Node.js email API: send and receive (free)
Send and receive email in Node.js with a free HTTP API — no Nodemailer, no SMTP. The send call with fetch, how to receive replies, and why it beats SMTP.
Sending email from Node usually means Nodemailer plus an SMTP transport you have to configure and babysit — and it can only send. A free HTTP email API is one fetch call, and it can read the reply too.
Send with fetch
const API = "https://login.ollastack.com";
const TOKEN = process.env.OLLASTACK_API_TOKEN;
const h = { Authorization: `Bearer ${TOKEN}`, "Content-Type": "application/json" };
// create a mailbox once
const mbx = await fetch(`${API}/api/mailboxes`, {
method: "POST", headers: h,
body: JSON.stringify({ name: "node", mode: "agent", handle: "node" }),
}).then((r) => r.json());
// send
await fetch(`${API}/api/mailboxes/${mbx.id}/send`, {
method: "POST", headers: h,
body: JSON.stringify({ to: "user@example.com", subject: "Hi", text: "Sent from Node." }),
});
No transport config, no port 587 — native fetch (Node 18+).
Receive a reply
const msg = await fetch(
`${API}/api/mailboxes/${mbx.id}/wait?timeout=60`,
{ headers: { Authorization: `Bearer ${TOKEN}` } },
).then((r) => r.json());
console.log(msg.subject, msg.codes); // OTP already extracted
That’s the part Nodemailer can’t do — read inbound mail and pull the code without scraping.

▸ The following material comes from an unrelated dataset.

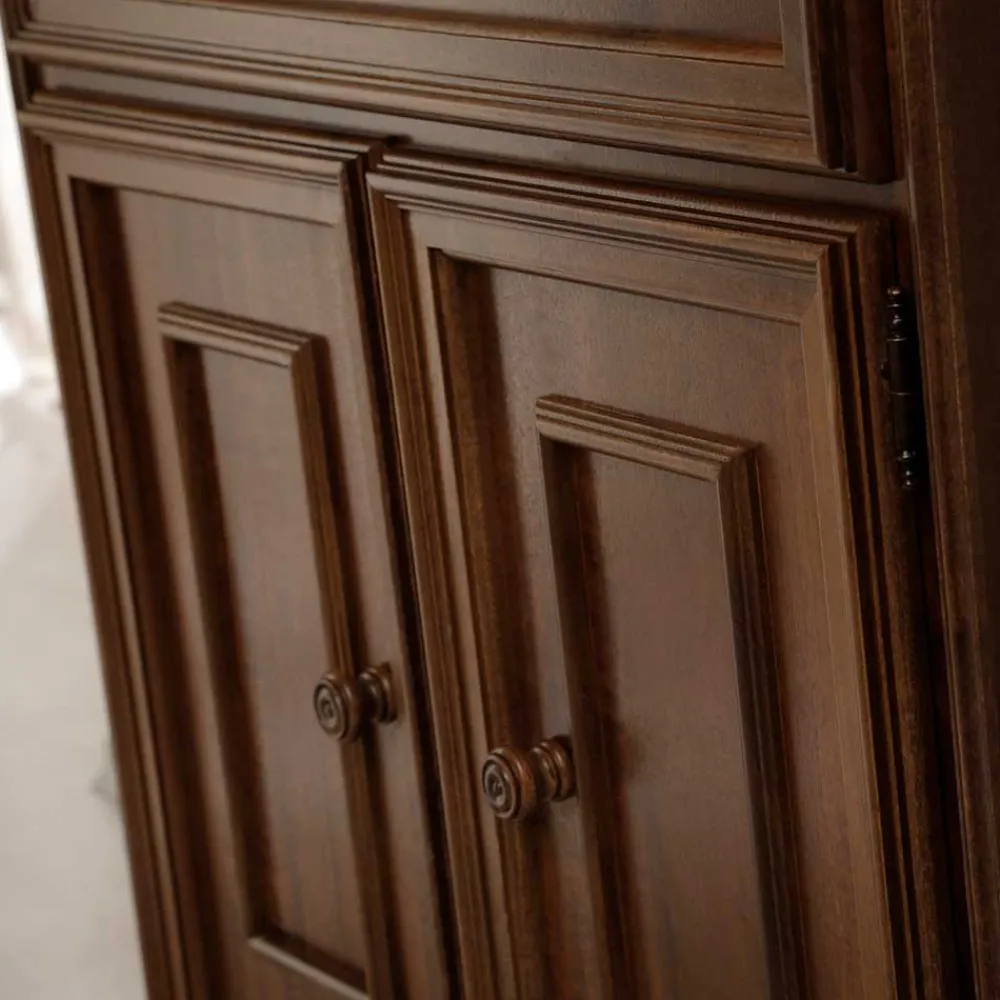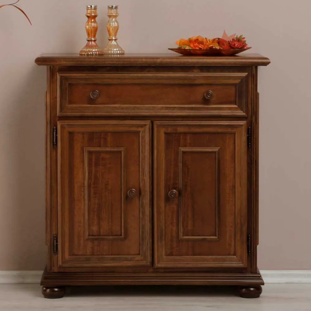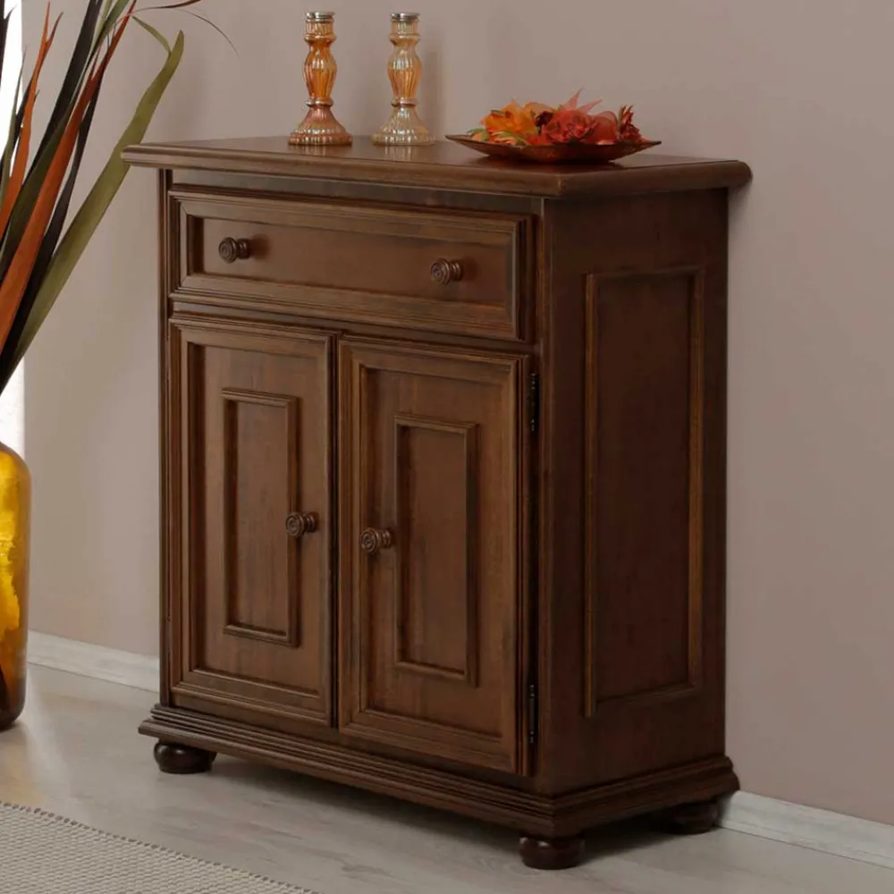 - Walnussbaumfarbig antik gebeizte und lackierte Oberflächen, von Hand poliert für einen unikaten Effekt
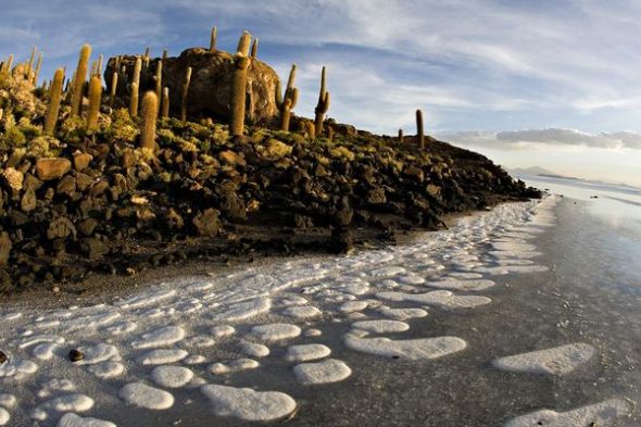 乌尤尼盐沼上一座长满巨型仙人掌的小岛显得特别突出。根据当地传说,这片盐沼是在一位巨人用母乳喂养儿子时,眼泪与乳汁结合在一起形成的。事实上乌尤尼盐沼是在数千年前形成的,当时这里被咸水湖覆盖。湖水干涸后,留下的矿物丰富的盐水形成现在的盐沼。

Why an API beats SMTP from Node
Nodemailer owns the transport: host, port, auth, pooling, and every connection error. The API is one fetch that returns a msg_… id or a structured error — and it also receives. Less to configure, more it can do.
Poll an inbox in a loop
Because wait long-polls and returns as soon as a message lands, you can drain an inbox in a simple loop — each call blocks until the next message or the timeout, so there’s no manual back-off:
async function drain(mbxId, onMessage) {
while (true) {
const res = await fetch(
`${API}/api/mailboxes/${mbxId}/wait?timeout=60`,
{ headers: { Authorization: `Bearer ${TOKEN}` } },
);
if (res.status === 204) continue; // nothing within the window — poll again
if (!res.ok) throw new Error(`wait failed: ${res.status}`);
onMessage(await res.json()); // { from, subject, codes, links }
}
}
For production, give the mailbox a webhook_url instead and let inbound mail POST to your endpoint (HMAC-signed, retried) — push beats polling once you’re past a quick script.
Error handling
Check res.ok and read the structured error body on failure rather than assuming the send went through — the API returns a code and message you can log and act on, unlike a thrown SMTP socket error.
See the email API overview, free API to send email, and the Python version.
Get a free token — send and receive from Node, no card.
Frequently asked questions
How do I send email in Node.js without SMTP?
Use fetch to POST to the send endpoint with a Bearer token and a JSON body (to, subject, text/html). No Nodemailer, no SMTP host or credentials — one HTTPS call that returns a message id.
Can Node.js receive email too?
Yes. fetch the wait endpoint with the same token to long-poll for the next inbound message, then read msg.codes or msg.text. SMTP-based libraries can only send; an inbox API receives as well.
Why use an API instead of Nodemailer?
Nodemailer needs an SMTP transport — host, port, auth — and only sends. An HTTP API is one fetch call, returns structured errors, and can also receive mail.
Is it free?
The free tier sends and receives with no credit card.